Amen to that. I'm still in awe over how elegant karma points were. Having them function as both experience points and action points was brilliant, as was using them to enforce "soft" limits that kept the playstyle genre-appropriate via losing all your karma points if you killed a villain or let an innocent bystander die, while improving your powers was very expensive and buying new powers was prohibitively so. It really was a work of genius.
 

occam

Adventurer
Amen to that. I'm still in awe over how elegant karma points were. Having them function as both experience points and action points was brilliant, as was using them to enforce "soft" limits that kept the playstyle genre-appropriate via losing all your karma points if you killed a villain or let an innocent bystander die, while improving your powers was very expensive and buying new powers was prohibitively so. It really was a work of genius.

MSH is still my favorite game design of all time. Perfectly suited to its genre, easy to pick up, and a blast to play.
 

Shiroiken

Legend
Sorry @JamesWard, but I gotta say this was the first book I bought and was disappointed by (UA, Dungeoneers and Wilderness guides were worse, but I was gifted those). I liked many of the monsters and deity information, but the magic items seemed wonky, the NPCs were useless to me, and the level 0 stuff was awful. If it's any consolation, most of the Greyhawk stuff I bought after Gary left (even though I didn't know about it at the time) I didn't care much for, so don't take it personally. Gary just had a certain style that was hard to match.

Again, I gotta say thanks for these articles! It's always nice to get a glimpse behind the scenes from back in the day.
 

dwayne

Adventurer
I often have thought about running a 5th edition greyhawk with the hard core options in the DM and players book. I think it would be awesome but dead players may abound as you know raise dead with con loss, finger of death that would really kill and others going back to some of the old spells and such.
 

Warpiglet

Adventurer
Thanks for the fun insider info! My friends and I lived and died with AD&D 1st edition for years (even skipping 2nd edition!).

As time wore on we would go to gen con etc. to get any old stuff on the secondary market we had missed.

But the tie in to this and related articles is that we held this revereance for the game and it's origins.

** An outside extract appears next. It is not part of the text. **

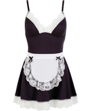Классический и соблазнительный образ французской горничной! Черное мини-платье с регулируемыми бретелями и слегка расклешенной юбкой. Белое кружево на подоле и в области декольте. Белый фартук с кружевом, декоративными бантами и завязками.

Without the internet things were more mysterious. Loving the opportunity even now to hear these great stories! Appreciative of the games early origins and it's writers...

Fun fun stuff
 


I'm confused. Does that mean they were completely lying? Or manipulating the spreadsheet so the creative department bore the brunt of a red quarter?

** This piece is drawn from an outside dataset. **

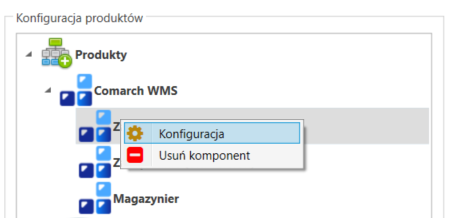 Aby skonfigurować komponent Comarch WMS Zarządzanie należy nacisnąć prawym przyciskiem myszy na komponencie i wybrać opcję [Konfiguracja].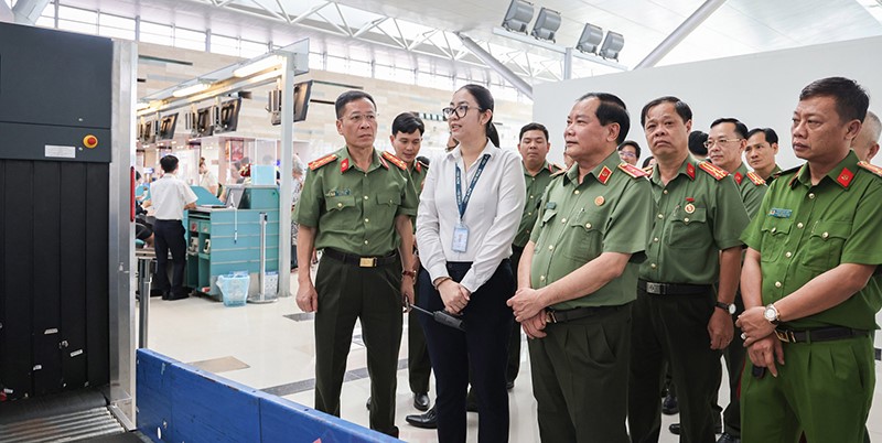 Đoàn kiểm tra khu vực soi chiếu hành lý tại Cảng hàng không Quốc tế Cần Thơ. Ảnh: Công an TP Cần Thơ

Regardless, it still sounds like one of the two classic mid/upper management attitudes:
1. "It can't take that long/be that hard to do a project! They don't do the real work around here!" Read "real" as "My job makes me miserable and I suffered enough to get my masters/law degree."

2. CEO picks arbitrary projection on a hunch and then hammers the workforce to make it a reality. And then blame them when numbers fall short.
No, it was a cash flow problem and accounting did its job by identifying it months in advance. Cashflow is an early indication of mismanagement. Which in hindsight we know to be true.

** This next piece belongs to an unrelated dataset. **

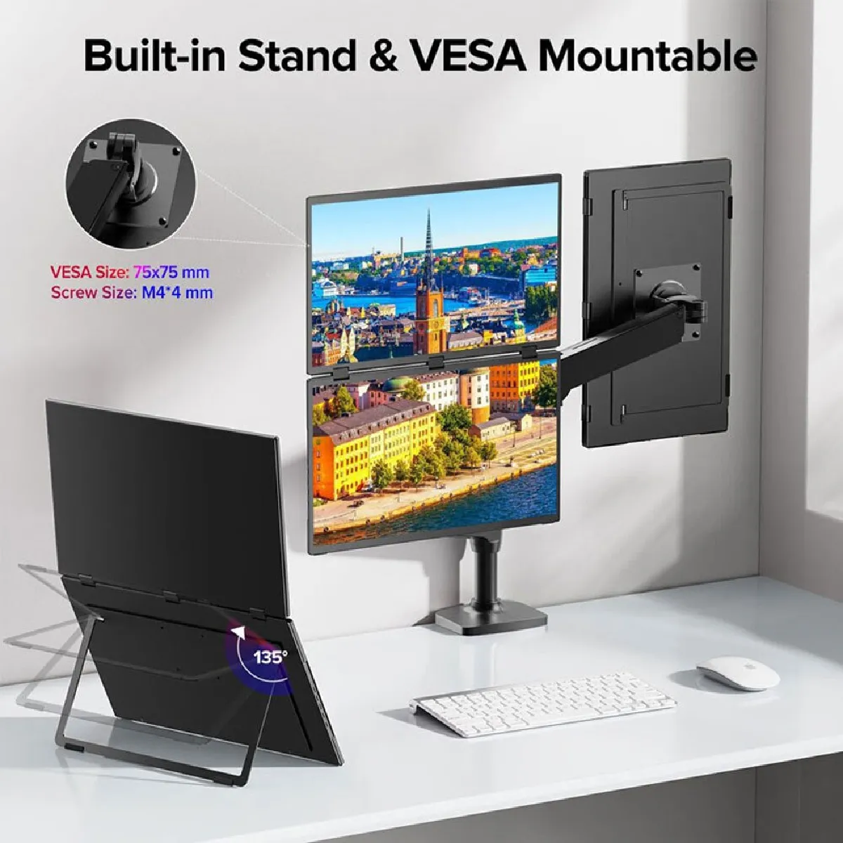 Écran pliable polyvalent : pivotez de 0 à 360° pour partager facilement votre écran dans toutes les directions, idéal pour collaborer avec vos collègues ou partenaires. Le capteur G intégré pivote automatiquement à 180° et prend en charge les modes miroir, étendu, fractionné, horizontal et vertical pour une commutation facile. Il est idéal pour utiliser plusieurs écrans simultanément ou comme écran autonome.

Upper management did not do their job by maintaining a working business model. In short, too many expenses, not enough income at the right time to pay the bills. They used up their cash reserves and had no real plan to resolve it.
 


Jay Verkuilen

Grand Master of Artificial Flowers
Amen to that. I'm still in awe over how elegant karma points were. Having them function as both experience points and action points was brilliant, as was using them to enforce "soft" limits that kept the playstyle genre-appropriate via losing all your karma points if you killed a villain or let an innocent bystander die, while improving your powers was very expensive and buying new powers was prohibitively so. It really was a work of genius.
I only played it a bit and can't say I have the same level of fond memories you guys do, but I wasn't really a big supers fan. I do think it emulated a lot of genre tropes well, for instance supers not really improving a lot over time. If someone really wanted to play it as a one shot I think I'd be lukewarm OK; as a regular game, nah.

I don't like double purposing XP and action points, though, in the systems I've played with that, such as Star Wars D6 or Deadlands. It always feels like I'm robbing my future for my present. Of course, that is the whole point for making it a consequential choice for the player as a big opportunity cost but I often seemed to find that over time there ended up being a divergence between hard abilities among characters. Interesting how this is a "feature" not a "bug" for some people.